Editors note: This the third in a four-part series detailing how and why a collaboration of Democratic activists conspired to unseat Pennsylvania Rep. Curt Weldon in the November 2006 elections. Read part 1 and part 2.


Former Rep. Curt Weldon, R-Pa.

Although Republican Rep. Curt Weldon’s suburban Philadelphia district had given John Kerry a slight majority of its votes in 2004, Weldon secured 59 percent of the votes against his Democratic opponent. On the surface, he was not a likely Democratic target for 2006.

And yet the Clintons and their allies would invest more money and energy in Weldon’s removal than that of any other congressman. And for one good reason: The intrepid Weldon posed a genuine risk to Bill’s legacy and Hillary’s future. By means fair or foul, he had to go.

Initiating the removal was one Melanie Sloan, a former assistant United States attorney and now the executive director of the George Soros-funded watchdog group, Citizens for Responsibility and Ethics in Washington.

It was Sloan who filed the complaint against Weldon after his name surfaced in a 2004 Los Angeles Times articles listing the various members of Congress whose children were lobbyists.
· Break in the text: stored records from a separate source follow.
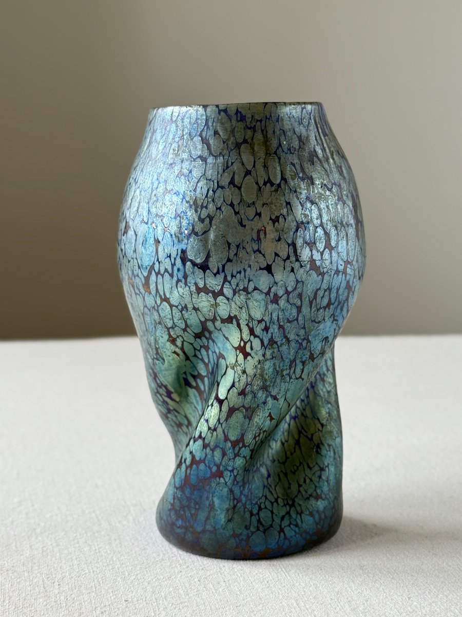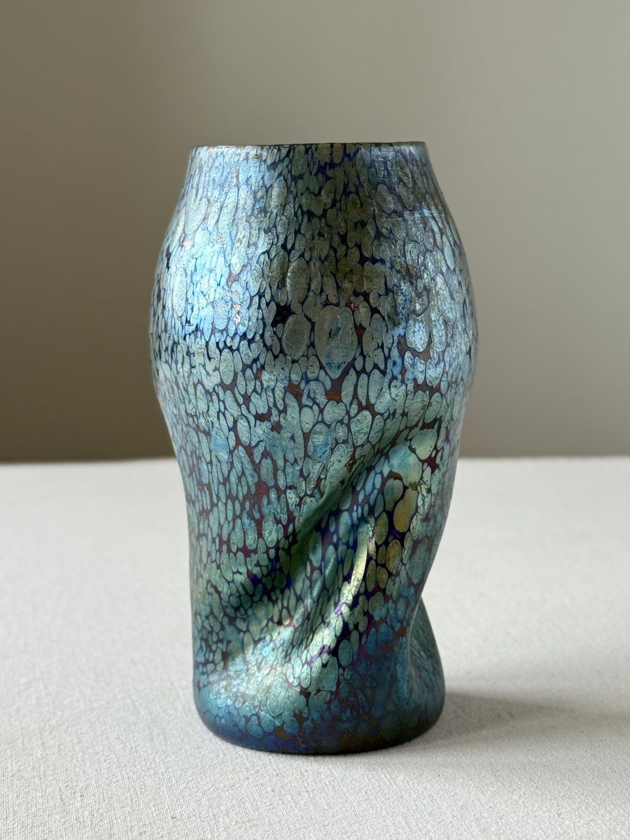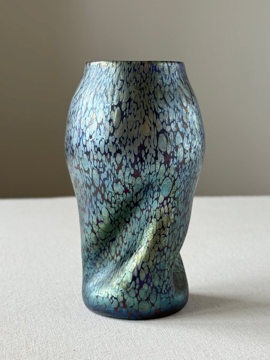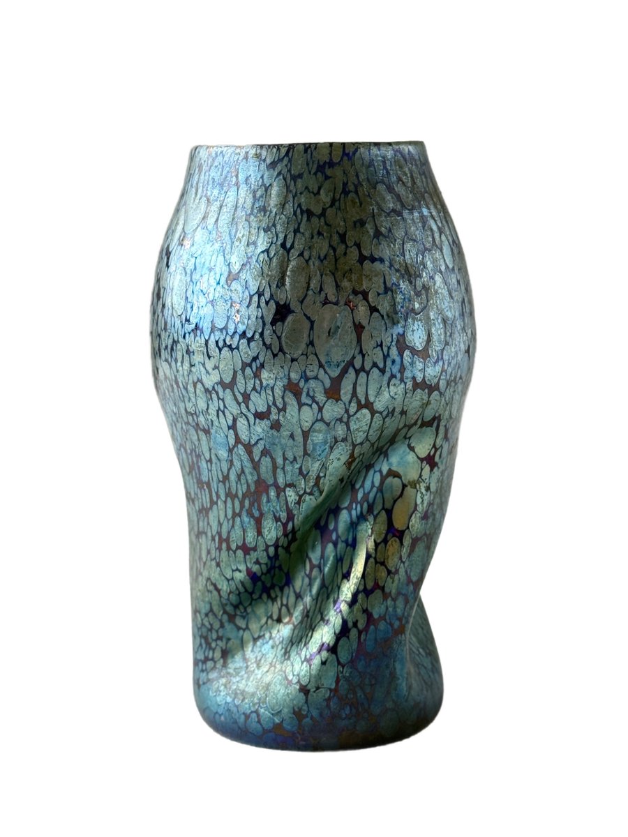 The organically shaped body with its subtle twisted form enhances the fluid, dynamic aesthetics typical of Art Nouveau and lends the piece a sculptural presence. The changing reflections and colour transitions — responding to movement and light — exemplify the unique optical qualities that made Loetz’s iridescent glass internationally admired.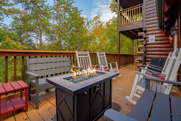 The spacious deck offers plenty of seating and a newly added gas firepit where guests can relax after a busy, fun-filled day.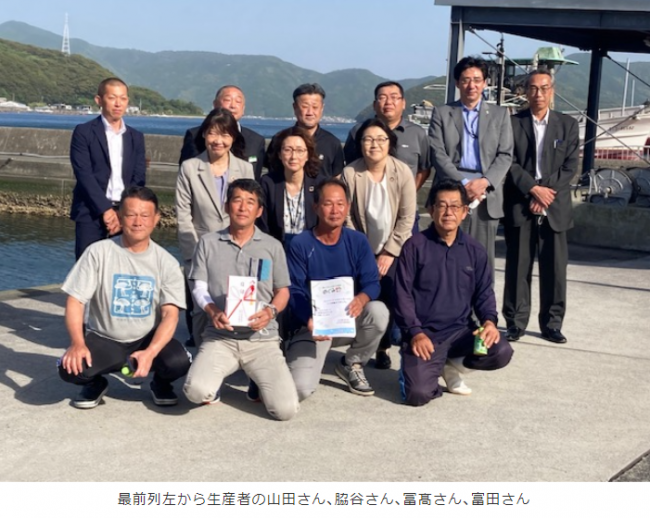 みやぎ生活協同組合・コープふくしま(宮城県仙台市)は5月24日、地域代表理事が「めぐみ野」大分県産養殖ぶりの産地、大分県佐伯市上入津を訪問し、ぶりの生産者に応援募金131万4917円と、こ~ぷ委員会のメンバーから寄せられた応援メッセージを贈呈した。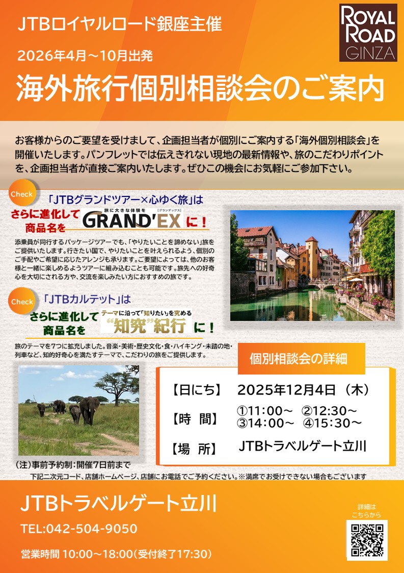 JTBロイヤルロード銀座 2026年4月~10月出発 海外旅行個別相談会

Although Weldon was one of 28 such congressmen listed and had been cleared by a congressional ethics committee, Sloan and her collaborators zeroed in on him alone.

Unbeknownst to Weldon, the FBI had opened an investigation into his and his daughter’s business interests some time in the spring of 2006, roughly 18 months after Sloan filed her complaint and just about the time the campaign of Weldon’s opponent, Joe Sestak, was kicking into high gear.


Although Sloan would claim to be mystified by the FBI’s delay in investigating Weldon, future events would suggest a coordinated effort within the Department of Justice and possibly the FBI.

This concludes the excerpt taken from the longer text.